Provably Fast and Space-Efficient Parallel Biconnectivity
Xiaojun Dong, Letong Wang, Yan Gu, Yihan Sun
TL;DR
FAST-BCC introduces a space-efficient parallel biconnectivity algorithm with $O(n+m)$ work, polylog span, and $O(n)$ extra space by fencing an arbitrary spanning tree to form a skeleton and then deriving BCCs from skeleton connectivity plus minimal postprocessing. It avoids explicitly constructing a large skeleton and leverages Euler Tour rooting, RMQ-based tagging, and a scalable CC primitive (LDD-UF-JTB) to achieve strong performance across graph types, including large-diameter networks.
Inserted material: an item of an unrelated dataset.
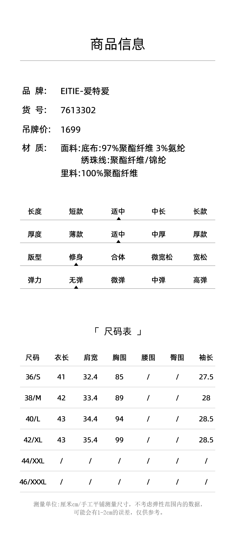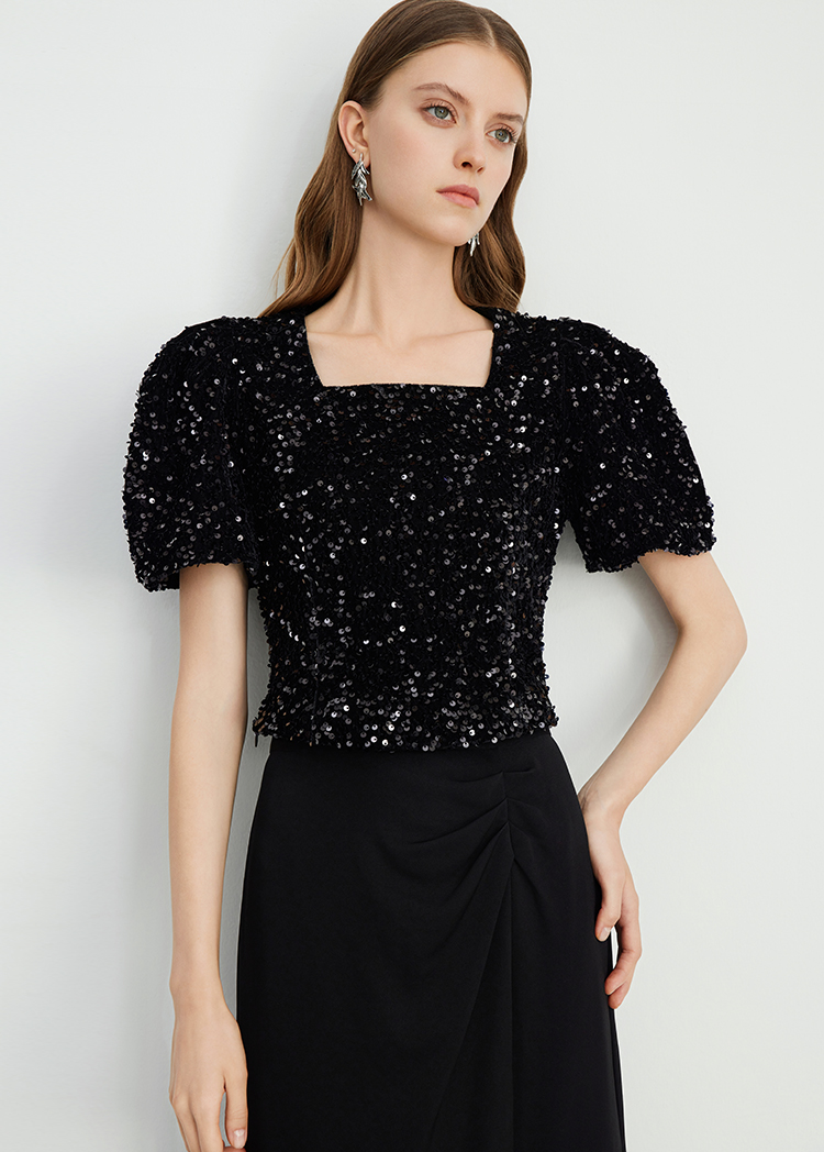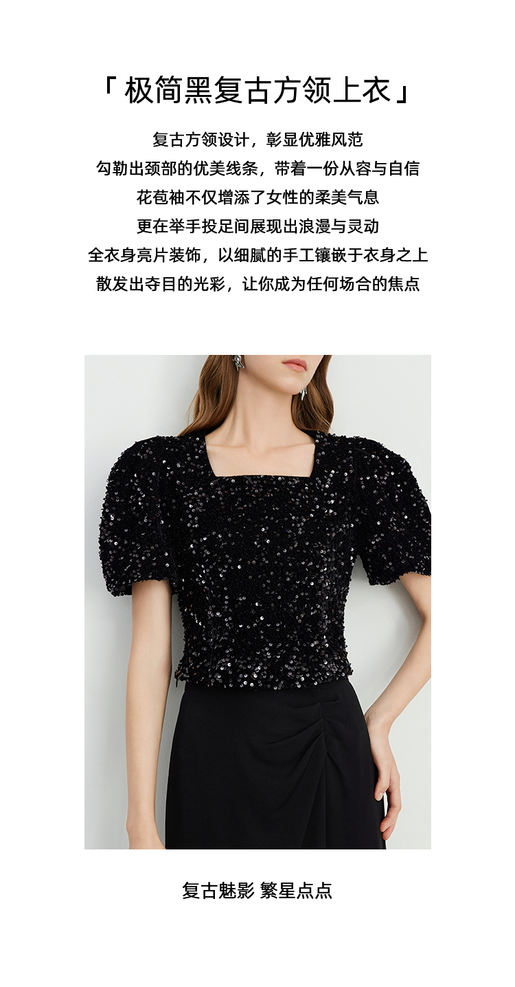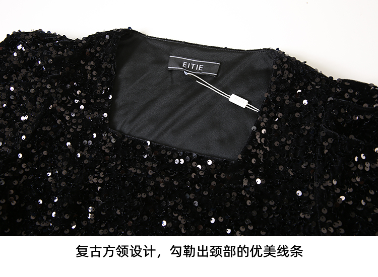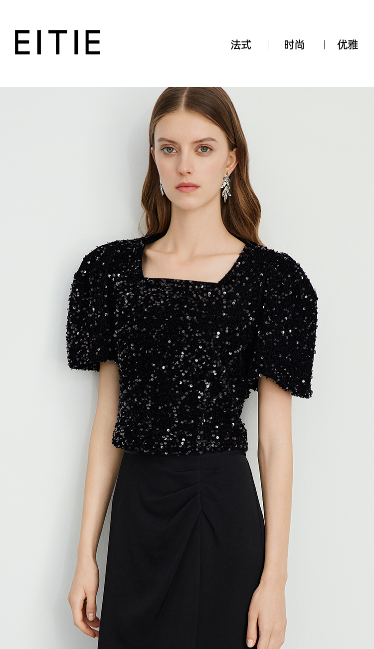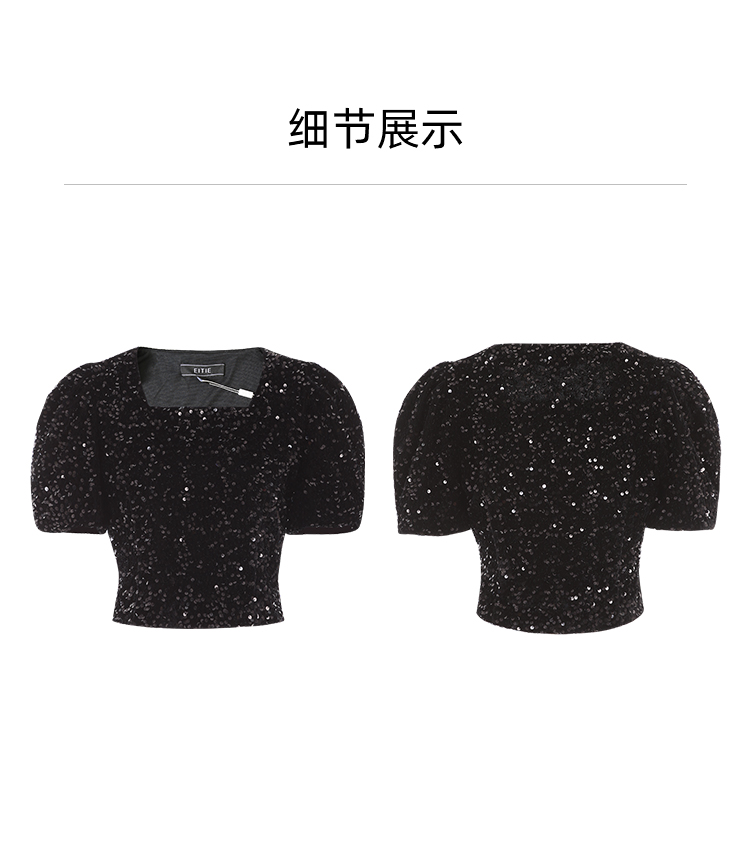 EITIE爱特爱星空亮片黑色显瘦修身短款上衣7613302
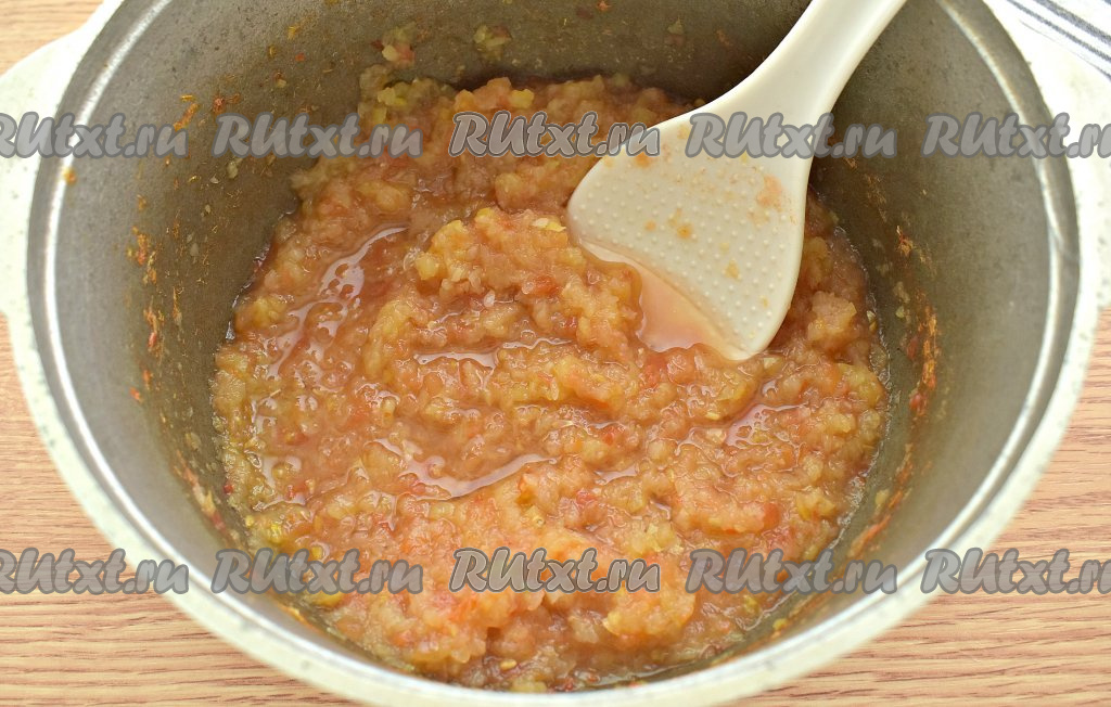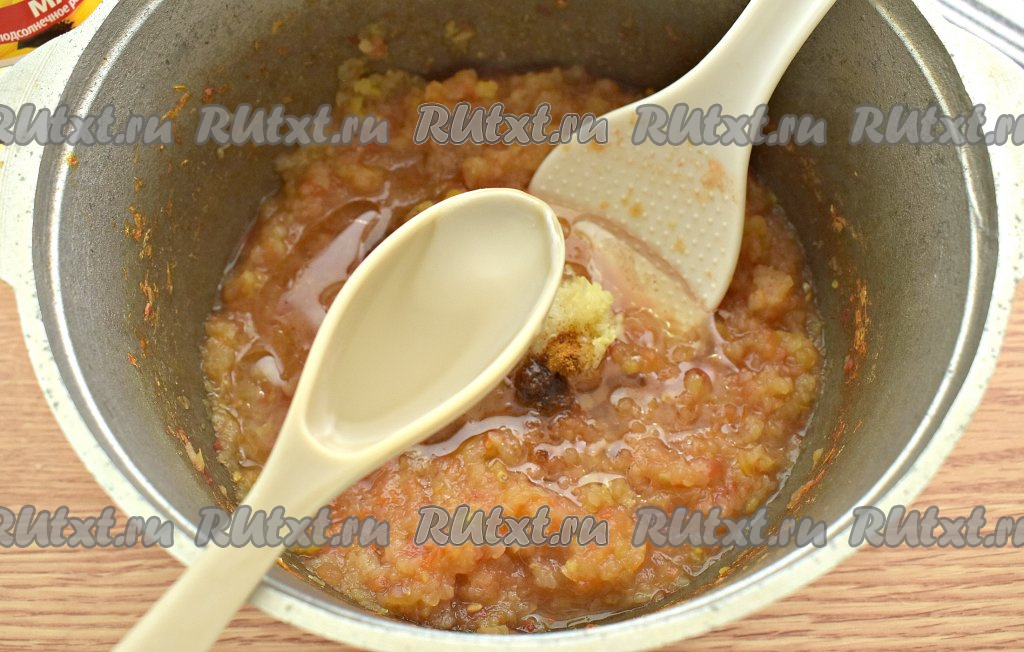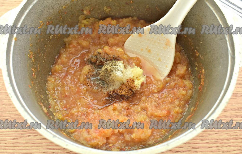 Спустя это время в овощную массу добавляем измельчённый на маленькой тёрке чеснок, всыпаем чёрный и красный молотые перцы, соль.

Theoretical guarantees accompany practical results: on 27 graphs and 96 cores, FAST-BCC is fastest across all tests, averaging $5.1\times$ faster than GBBS and $3.1\times$ faster than the best existing baseline, while maintaining space efficiency. A faithful Tarjan-Vishkin implementation confirms the practical drawbacks of the conventional skeleton approach due to space overhead. The work demonstrates that careful integration of fencing, AST-based skeletons, and efficient CC can yield both provable efficiency and real-world speedups for parallel graph analysis.
Abstract
Biconnectivity is one of the most fundamental graph problems. The canonical parallel biconnectivity algorithm is the Tarjan-Vishkin algorithm, which has $O(n+m)$ optimal work (number of operations) and polylogarithmic span (longest dependent operations) on a graph with $n$ vertices and $m$ edges. However, Tarjan-Vishkin is not widely used in practice. We believe the reason is the space-inefficiency (it generates an auxiliary graph with $O(m)$ edges). In practice, existing parallel implementations are based on breath-first search (BFS). Since BFS has span proportional to the diameter of the graph, existing parallel BCC implementations suffer from poor performance on large-diameter graphs and can be even slower than the sequential algorithm on many real-world graphs. We propose the first parallel biconnectivity algorithm (FAST-BCC) that has optimal work, polylogarithmic span, and is space-efficient. Our algorithm first generates a skeleton graph based on any spanning tree of the input graph. Then we use the connectivity information of the skeleton to compute the biconnectivity of the original input. All the steps in our algorithm are highly-parallel. We carefully analyze the correctness of our algorithm, which is highly non-trivial. We implemented FAST-BCC and compared it with existing implementations, including GBBS, Slota and Madduri's algorithm, and the sequential Hopcroft-Tarjan algorithm. We ran them on a 96-core machine on 27 graphs, including social, web, road, $k$-NN, and synthetic graphs, with significantly varying sizes and edge distributions. FAST-BCC is the fastest on all 27 graphs. On average (geometric means), FAST-BCC is 5.1$\times$ faster than GBBS, and 3.1$\times$ faster than the best existing baseline on each graph.